Quant aux deux intrigues amoureuses, elles se développent parallèlement. Au centre, bien sûr, les prétentions simultanées de Falstaff au cœur et au porte-monnaie d’Alice et de Meg, les fameuses «commères», et les tours que ces rouées bourgeoises vont imaginer pour faire payer son outrecuidance au vieux pilier de cabaret. S’y imbrique la romance de la jeune Nanetta, fille d’Alice et de Ford,  que son père veut marier à l’affreux Dr Cajus, selon la meilleure tradition comique. Le double scénario est mené avec une grande intelligence par le librettiste et réalisé avec brio par le metteur en scène, David Gately, qui se révèle à la fois fidèle et imaginatif. Le tableau où les amoureux, dissimulés derrière le paravent, se bécotent tranquillement pendant que le père et sa troupe de bourgeois s’excitent à fouiller la maison pour débusquer le malheureux Falstaff qui étouffe dans son coffre à linge sale, est d’un burlesque parfaitement maîtrisé. Et la scène finale, le soir, dans le parc où Falstaff, coiffé des cornes de cerf, est de nouveau l’objet des duperies et des moqueries des impitoyables commères, tandis que Ford, croyant marier Nanetta à Cajus, la marie en fait à son Fenton bien-aimé, réunit les deux intrigues avec une brillante efficacité.

Quant au «héros» lui-même, son caractère subversif s’est beaucoup atténué en passant des champs de bataille d’Henri IV à la bourgeoise ville de Windsor: le compagnon qui tutoyait le roi et lui prodiguait des conseils d’une lucidité acérée n’est plus qu’un aristocrate déchu, une outre vantarde, si pauvre qu’il en est réduit à courtiser les femmes des riches bourgeois pour leur argent.

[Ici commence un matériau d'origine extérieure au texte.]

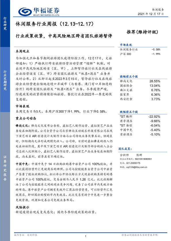 【华福证券】【20211217】休闲服务行业周报:行业政策收紧,中高风险地区跨省团队旅游暂停-5页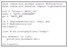 A Python script using ACI Cobra SDK has been constructed. What is the result when running this script?

Néanmoins, Boïto a gardé du premier Falstaff un certain nombre de répliques où l’imposant bouffon à la paradoxale philosophie médite dans le style lyrique et imagé qui le différencie des autres personnages de l’opéra. Ainsi, il sait encore que «sans [lui], ces glorieux n’aurait pas un brin de fantaisie», que c’est «[son] esprit qui suscite celui des autres» et que «le monde entier n’est que farce». Cependant, en dépit de son bref accès de mélancolie au souvenir du jeune page svelte et beau qu’il a été, il supporte ses mésaventures avec humour et bonne humeur.

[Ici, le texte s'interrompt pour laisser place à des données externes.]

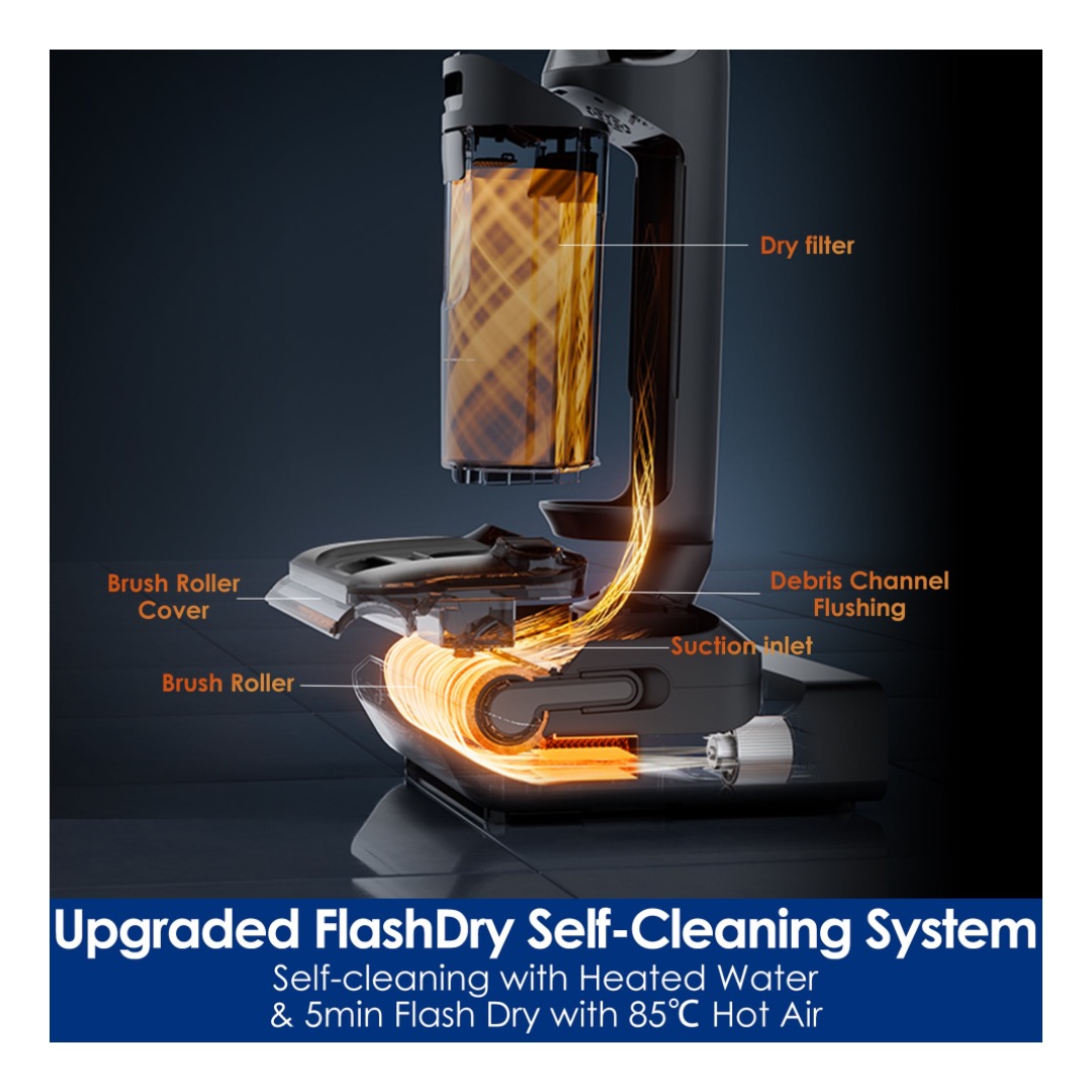 Upgraded FlashDry Self-Cleaning System for Thorough Cleaning: Achieve a hassle-free after-use experience. It uses fresh water heated to 85°C to effectively dissolve stains from the pipe to the brush roller, providing superior self-cleaning results. The upgraded 85°C hot air effectively dries every part of the machine

Car la comédie, à l’Opéra de Montréal, comme naguère chez Boïto et chez Les Joyeuses commères, vise avant tout à charmer et à faire rire, dans un feu roulant de mouvements, déguisements, cachettes. Le jeu d’équipe est particulièrement convaincant et pas si fréquent dans un univers où les vedettes règnent et où les chanteurs ne sont pas toujours d’aussi bons comédiens. De la remarquable distribution se dégagent, outre l’impressionnant baryton du rôle-titre, Oleg Bryjak, la grande contralto québécoise Marie-Nicole Lemieux, d’une drôlerie si suave et si naturelle que le rôle de Mrs Quickly semble avoir été écrit pour elle. Beau et séduisant aussi, mais classique, le décor créé par l’Américain John Conklin et revisité par le Québécois Olivier Landreville, accompagne l’action avec fidélité et élégance, mais sans grandes innovations. On passera de la chambre de Falstaff, où des cornes de cerf prémonitoires sont accrochés au mur, à la maison des Ford, de style hollandais, aux hautes armoires sombres et à la fenêtre à petits carreaux, puis à leur jardin, avec son chêne dont la silhouette noire et aiguё se découpe sur une énorme lune.

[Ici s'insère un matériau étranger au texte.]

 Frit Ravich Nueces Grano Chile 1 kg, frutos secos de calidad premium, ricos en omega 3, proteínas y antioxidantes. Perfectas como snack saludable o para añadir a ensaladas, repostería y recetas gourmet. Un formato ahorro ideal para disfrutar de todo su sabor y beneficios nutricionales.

Les costumes d’un sobre esthétisme, évoquent eux aussi quelque 17e siècle bourgeois. Mais ce que le spectateur garde avec lui, c’est la ravissante vision finale –émouvante si l’on songe à l’âge du compositeur−: le vieux Falstaff emportant sur son dos le petit page, image d’un monde qui s’en va et d’un autre qui commence.

Falstaff. Comédie lyrique de Giuseppe Verdi. Livret d’Arrigo Boïto. Mise en scène de David Gately. Une production de l’Opéra de Montréal, présentée les 9, 12, 14 et 16 novembre 2013.

Marie-Christiane Hellot

Collaboratrice de JEU depuis plus de 20 ans, elle est chargée de cours à l'Université de Montréal.